First things first...the Lord receives all the credit for getting Jay and I to where we are right this minute. "And we know that in all things God works for the good of those who love him who have been called according to His purpose." (Romans 8:28) Minute by minute is how I choose to deal with this trial, and I can see the Lord at work in every one of those minutes that pass me by.
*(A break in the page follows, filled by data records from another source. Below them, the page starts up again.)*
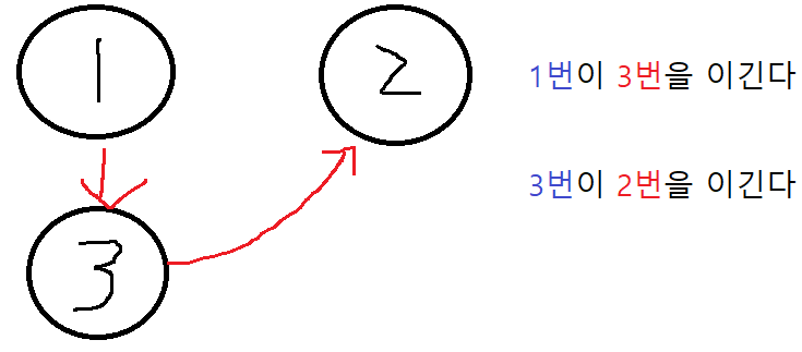 예를 들어, 1번이 3번을 이기고, 3번이 2번에게 이기면 3번의 입장만 고려했을 때, 3명 중 2명과의 관계를 알고 있으므로 순위가 확정된 것입니다.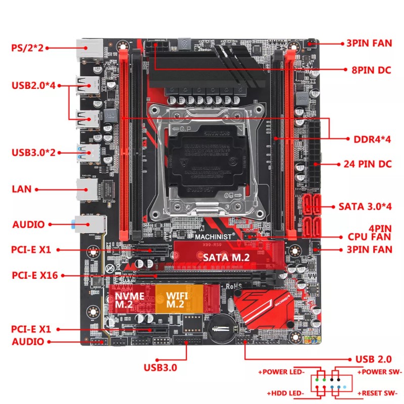 Machinist X99 Series Motherboard LGA 2011-3 Support RAM M.2 NVME XEON E5 V3 V4# - X99-K9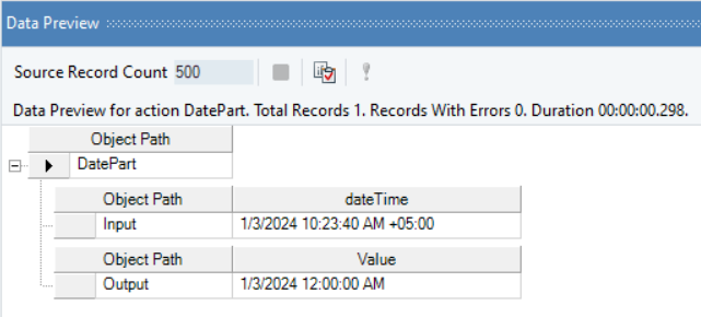 In the output window, you can see that the provided date-time value has been returned with the time-offset part reset to 12:00:00 AM.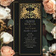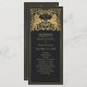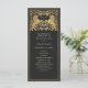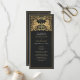 Unveil the magic of your big day! These mediaeval fantasy wedding programs feature a regal lion surrounded by intricate gold florals and a monogram against a black background, blending elegance with a touch of grandeur. A perfect keepsake for your fairytale celebration! The gold featured on this item is NOT real foil and is printed in flat colours.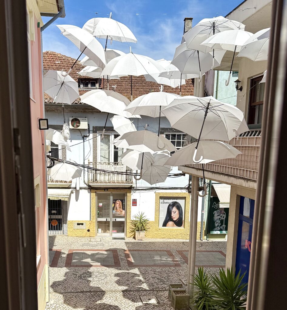 Art inspired by Roy Lichtenstein covered a store window in Agueda, a charming town with a public art installation called “Umbrella Sky Project” that features hanging umbrellas.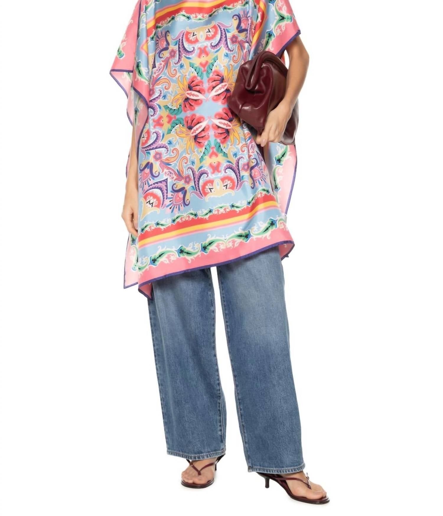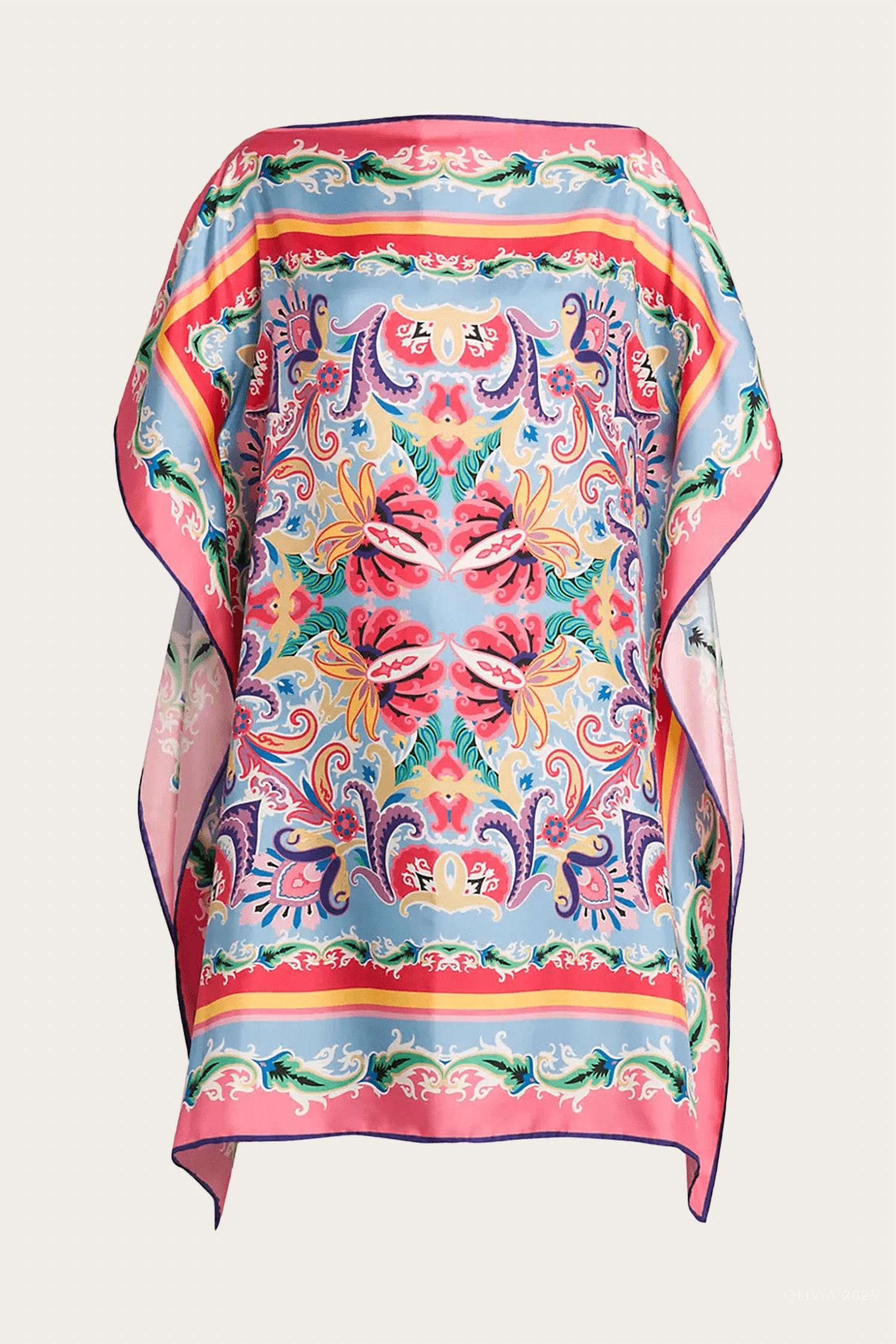 Discover the versatile charm of this tunic blouse, designed with both layering and standalone wear in mind. Its flattering silhouette and stylish details make it a closet essential. Embrace elegance with the Printed Silk Foulard Top, a luxurious piece by ETRO crafted from 100% silk. This pink tunic, made in Tunisia, showcases a captivating blend of prints and features a boat neckline with an elongated length for a boho-chic aesthetic. Designed with short sleeves and a pull-on closure, it's perfect for a summer dinner party. Hand wash to maintain its exquisite silk texture.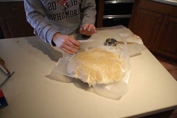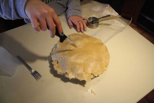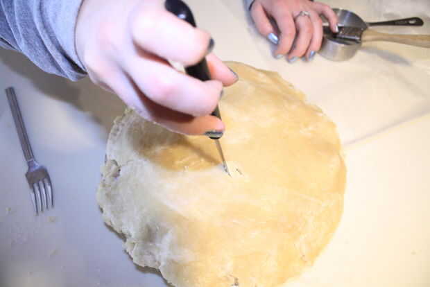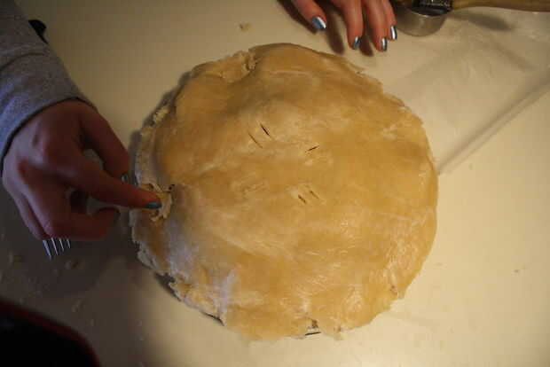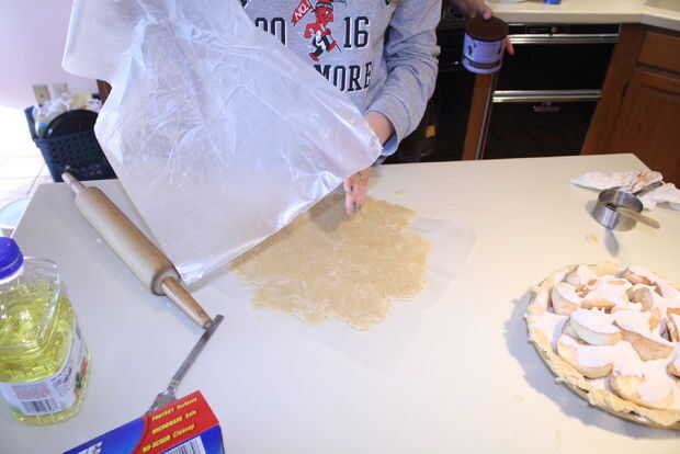 Rodillo hacia fuera de la corteza superior entre el papel encerado como antes.  No rodar demasiado!  Una vez que la corteza se coloca sobre el pastel uso un tenedor para prensar los bordes apretados, luego realizar unos cortes en la parte superior con un cuchillo.  Esto permite que algunos de la humedad de la fuga de las manzanas mientras cocina la tarta.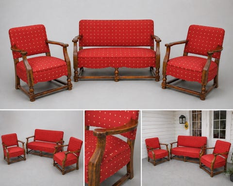 Klassisk norsk vintage salong (sofa + 2 stoler) – 50/60-tall, heltre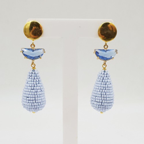 Vergulde (over messing) oorbellen met rechthoekige hanger mixed blauwe kristallen.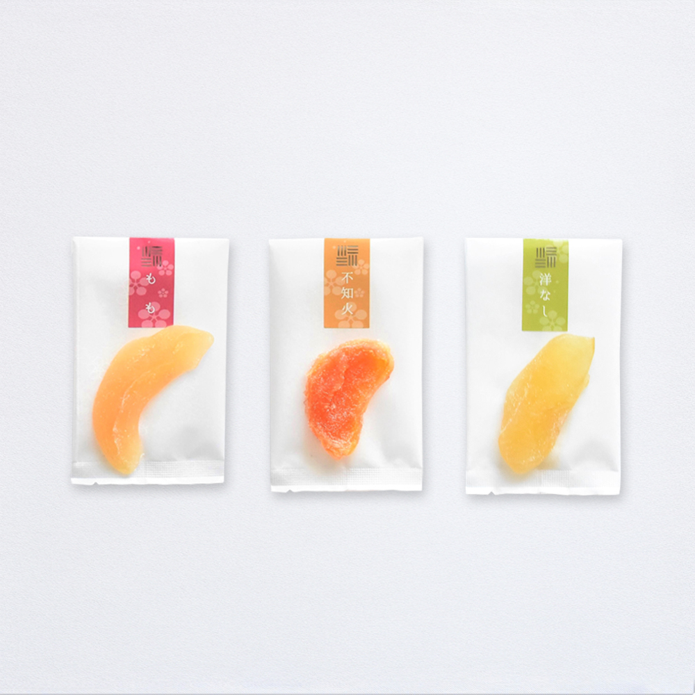 すべて国産の完熟フルーツを使用して素材の風味をしっかり残したセミドライフルーツです。 セミドライフルーツ3種類(もも、みかん(不知火)、洋なし)が入ったセットです。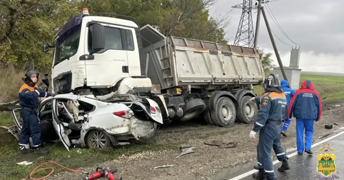 Трагедия произошла днем 13 октября около 13:50 на автодороге «Новороссийск — Керчь» неподалеку от хутора Тарусино. По предварительным данным, водитель автомобиля Nissan Almera не справился с управлением на повороте, выехал на встречную полосу и столкнулся с самосвалом MAN.
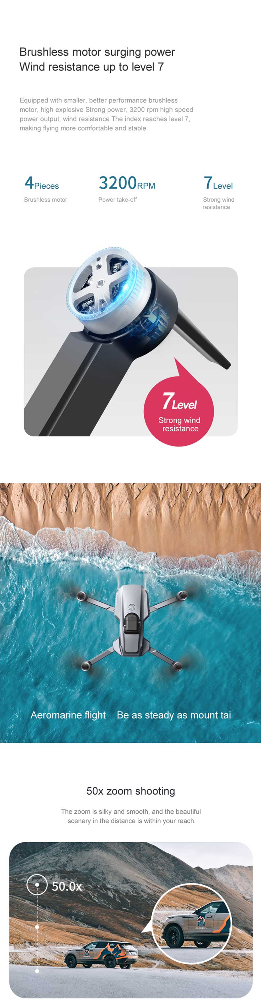 • Aerial camera configuration parameters: optical flow positioning, wide-angle camera, trajectory flight, fixed-point surround, adjustable lens angle 90°, GPS/GLONASS double mode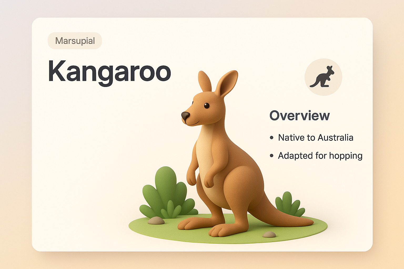 /Collection: /by davooda/Type: PNG/A bright and engaging 3D illustration of a kangaroo, featuring a smooth gradient background and an overview section highlighting its native habitat and adaptation for hopping.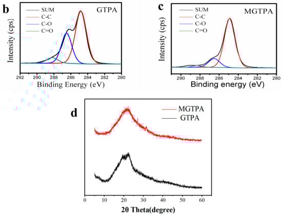 (a) Raman spectra of MGTPA and GTPA. XPS high-resolution C1s scans of (b) GTPA and (c) MGTPA. (d) XRD patterns of GTPA and MGTPA.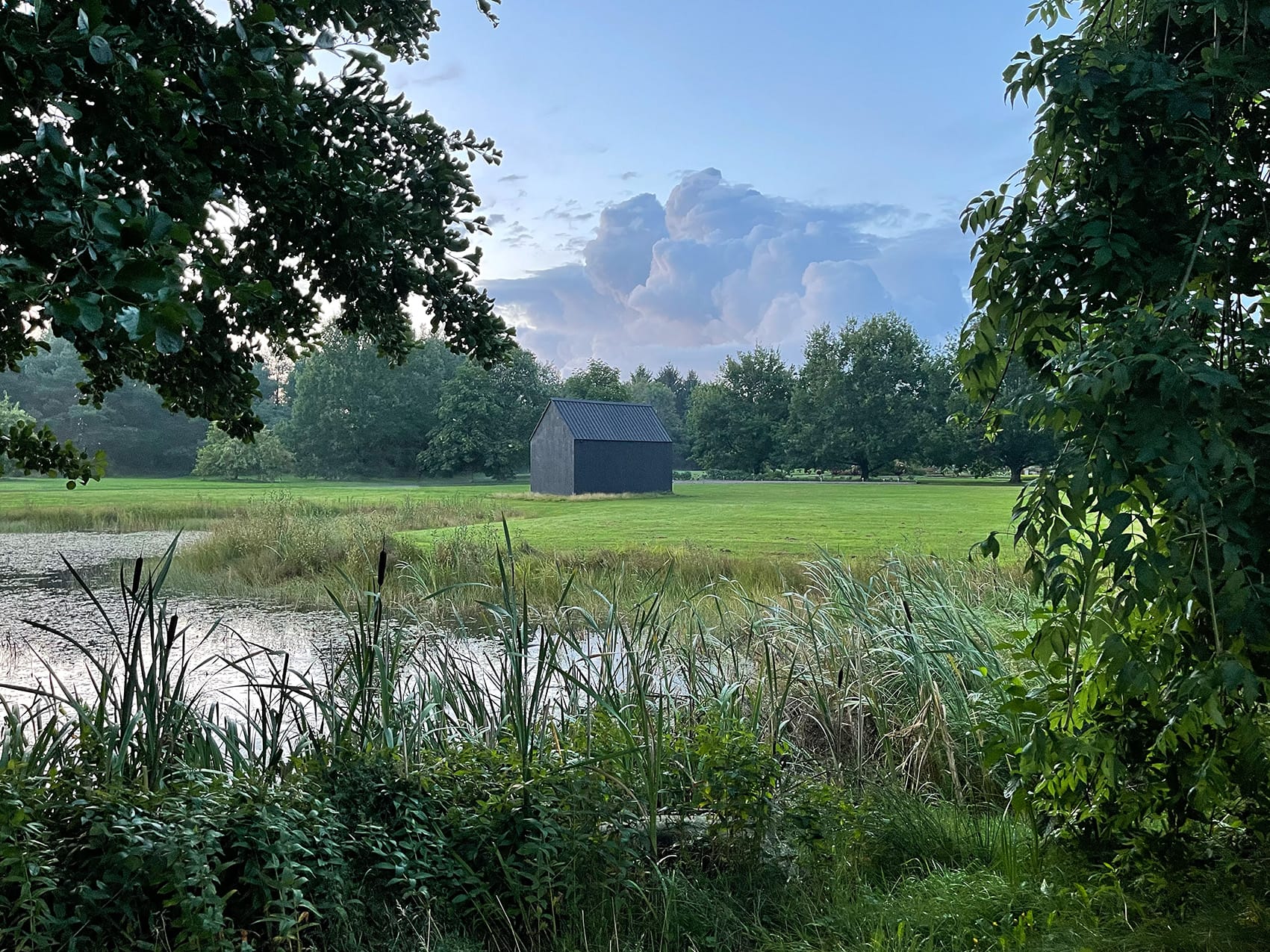 Field Observatory is a temporary public art work situated by the pond of Hanhipuisto at the Kirjurinluoto park in Pori, Finland. The site serves as a gathering place where visitors can slow down to observe happenings of the growing season through the processes of the soil. While modelled by the artist from the starting point of a traditional barn, the measurements of the minimalist, dark-toned pavilion features elements reminiscent of a temple or a room of silence.

Intellectually, there is absolutely no reason I can think of that someone should be the recipient of the disease known as cancer...the "Big C." This disease is terrible at best, yet the Lord has managed to work it out to where HE would be glorified through my husband's illness. My Jaybird has been able to withstand daily chemotherapy and radiation and all of its side effects, and still manage to go fishing or get in a round of golf on a regular basis.
It is a miracle to me that my honey can ingest poison on a daily basis, and receive radiation blasts to his abdomen five days a week, and still be able to perform his regular daily tasks. He is able to keep going through all of the nausea, fatigue and neuropathy. That, right there, tells me that not only does God exist, but that He exists for the purpose of giving my honey the strength to persevere.
All the prayers that have been lifted up on Jay's behalf (mine too) have made this experience much easier to deal with. I'm not saying that it is easy by any means, IT'S NOT, but anyone who knows the Lord, knows a "peace that surpasses all understanding"(Philippians 4:7) and that is what makes it so that I am able to carry on and not just exist in this life, but actually LIVE IT. It is the love of the people that surround Jay and I, the prayers they lift up on our behalf, and the faithfulness of the Lord to hear those prayers and answer that make it all possible.
So, this journal is intended to be my way of expressing my experience of walking beside my very courageous husband as we fight the good fight. I intend to allow myself to feel every emotion that comes with thisand not hide from it. It would be very easy to go to the doctor and request some type of pill that will make it "all seem better," but that is not what is best for me. That only delays the inevitable, which is, I will feel all of these emotions at some point in time anyway, so why not feel them now and allow the Lord to work in me through these experiences.
All I can say now is enjoy the ride!